首先，大概扫一下DataLoader的代码：

class DataLoader(object):
    __initialized = False

    def __init__(self, dataset, batch_size=1, shuffle=False, sampler=None, batch_sampler=None,
                 num_workers=0, collate_fn=default_collate, pin_memory=False, drop_last=False,
				 timeout=0, worker_init_fn=None):
				 
	        self.dataset = dataset
	        self.batch_size = batch_size
			self.num_workers = num_workers
			...
			
	        if sampler is not None and shuffle:
	            raise ValueError('sampler option is mutually exclusive with "shuffle"')
	        ...
	                if batch_sampler is None:
            if sampler is None:
                if shuffle:
                    sampler = RandomSampler(dataset)
                else:
                    sampler = SequentialSampler(dataset)
            batch_sampler = BatchSampler(sampler, batch_size, drop_last)

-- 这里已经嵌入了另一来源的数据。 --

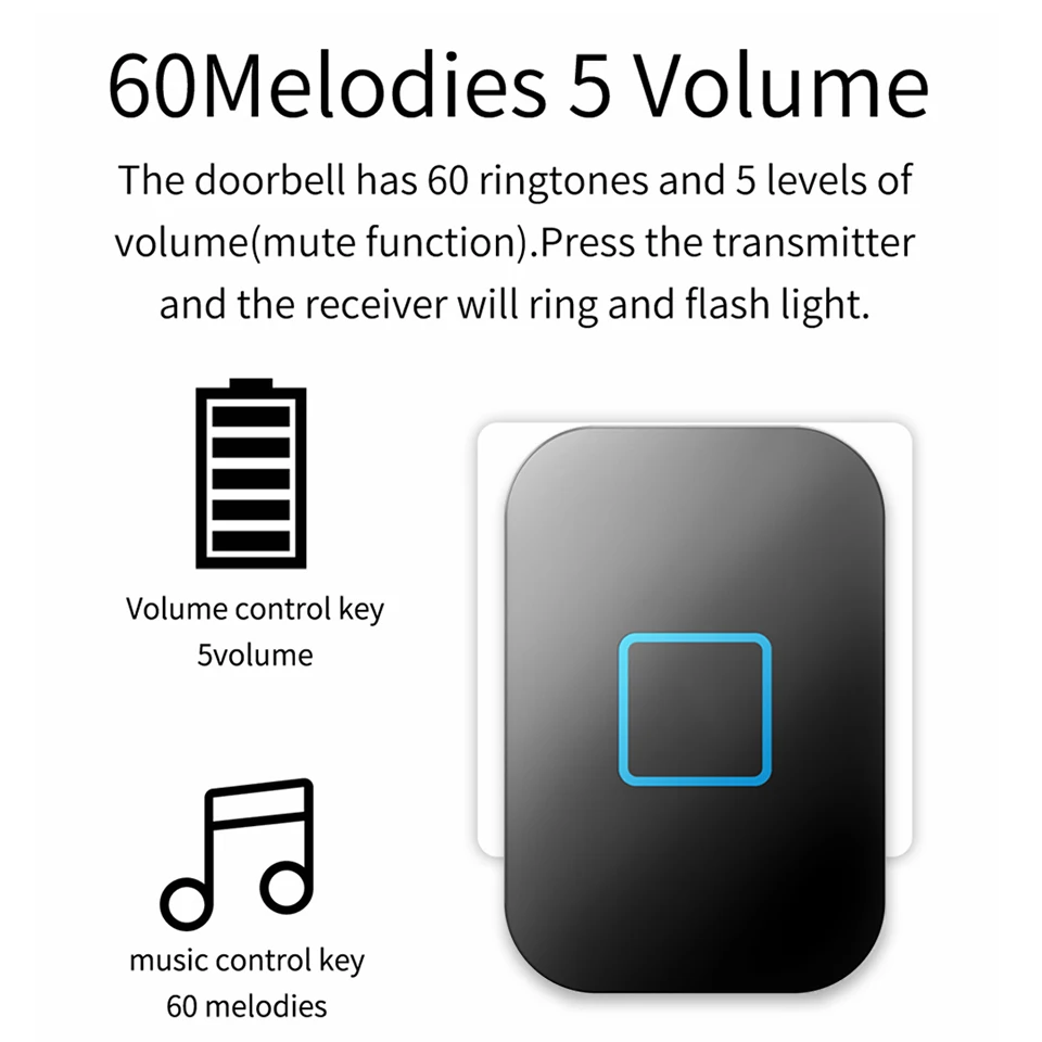 1. Нажмите кнопку, супер обучающий код может свободно научиться совпадать, может быть неограниченно совпадающий приемник. 2. Вместо использования аккумулятора Кнопка преобразует кинетическую энергию в электрическую энергию и посылает сигнал при нажатии. 3. Передатчик может нормально работать в снегу или при высоких температурах, водонепроницаемый и пыленепроницаемый. 4. Если несколько кнопок сопряжены с одним или несколькими приемниками в одной системе, каждая кнопка может быть настроена на другой рингтон. 5. Функция памяти при отключении питания: Включите питание снова после выключения, нет необходимости повторно настраивать и блокировать мелодию звонка. 6. Приемник доступен в различных вариантах вилок, вилок US/EU/UK и адаптеров AU, подходящих для большинства стран. 7. Привлекающая внимание подсветка мигает, когда кто-то толкает дверной звонок. Особенно подходит для пожилых, глухих и беременных женщин. 8. Напряжение приемника 220 В. 9. Приемник находится на расстоянии 150 метров (на открытой местности), на что могут влиять окружающие условия и препятствия. 10. Приемник имеет 60 рингтонов на выбор, громкость составляет 0-110 дБ на 5 уровнях. 11. Просто подключите приемник к электрической розетке, кнопочный передатчик можно приклеить к двери с помощью прилагаемой клейкой ленты. 12. Размер передатчика: 70*46*24 мм, Размер приемника: 92*62*32 мм Примечание: Кнопку нельзя установить на железную дверь, так как она будет мешать сигналу. Если приемник не звонит при нажатии кнопки после получения дверного звонка, Выполните сопряжение дверного звонка.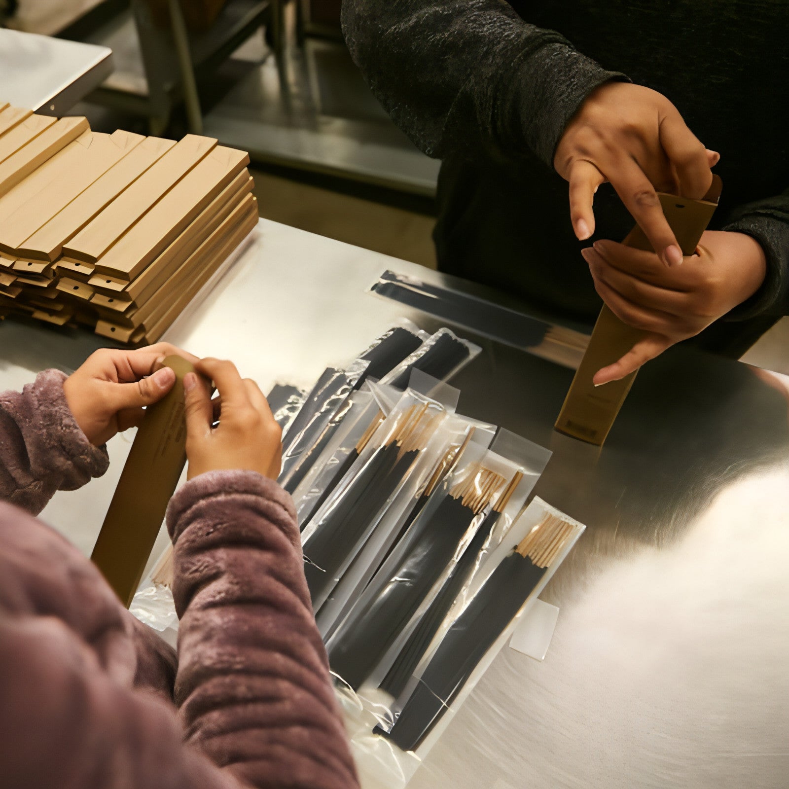 The one that started it all. Some call it the boyfriend scent, we call it the O.G. Notes of leather, teak, and orange. Incense quickly transforms a room: transformative smoke uplifts the space while our signature scents linger for hours even after extinguishing. Our charcoal-based Incense is hand-dipped in-house using fine fragrance oils and dipropylene glycol (DPG), a synthetic base commonly found in body care and home fragrance products. Each stick burns for 1 hour; depending on room size, scent longevity lasts between 2-4 hours. 15 sticks in a plastic sleeve inside of each kraft package, measuring 10.75" long each.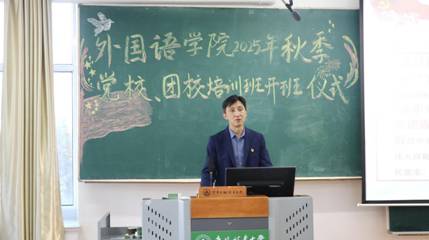 为深入学习领会 2025年全国两会精神,贯彻落实中央八项规定精神学习教育,不断巩固习近平新时代中国特色社会主义思想主题教育学习成果和党纪学习教育成果,严把党员、团员队伍发展关,着力培养青年政治骨干,经过精心筹备,学院决定举办2025年秋季学期党校、团校培训班。10月30日,awc777万象城娱乐官网党委于主楼西511教室举办了2025年秋季学期党校、团校培训班开班仪式。awc777万象城娱乐官网党委书记张斌,党委副书记、副院长郭林出席本次开班仪式。仪式由培训班班主任、awc777万象城娱乐官网实习辅导员肖湘钰主持。

	        self.sampler = sampler
	        self.batch_sampler = batch_sampler
			self.__initialized = True
	 ...
	 def __iter__(self):
        return _DataLoaderIter(self)
     ...

这里我们主要看__init__()和__iter__()：

（1）数据的shuffle和batch处理

RandomSampler(dataset)
SequentialSampler(dataset)
BatchSampler(sampler, batch_size, drop_last)

（2）因为DataLoader只有__iter__()而没有实现__next__()

所以DataLoader是一个iterable而不是iterator。这个iterator的实现在_DataLoaderIter中。

RandomSampler(dataset)、 SequentialSampler(dataset)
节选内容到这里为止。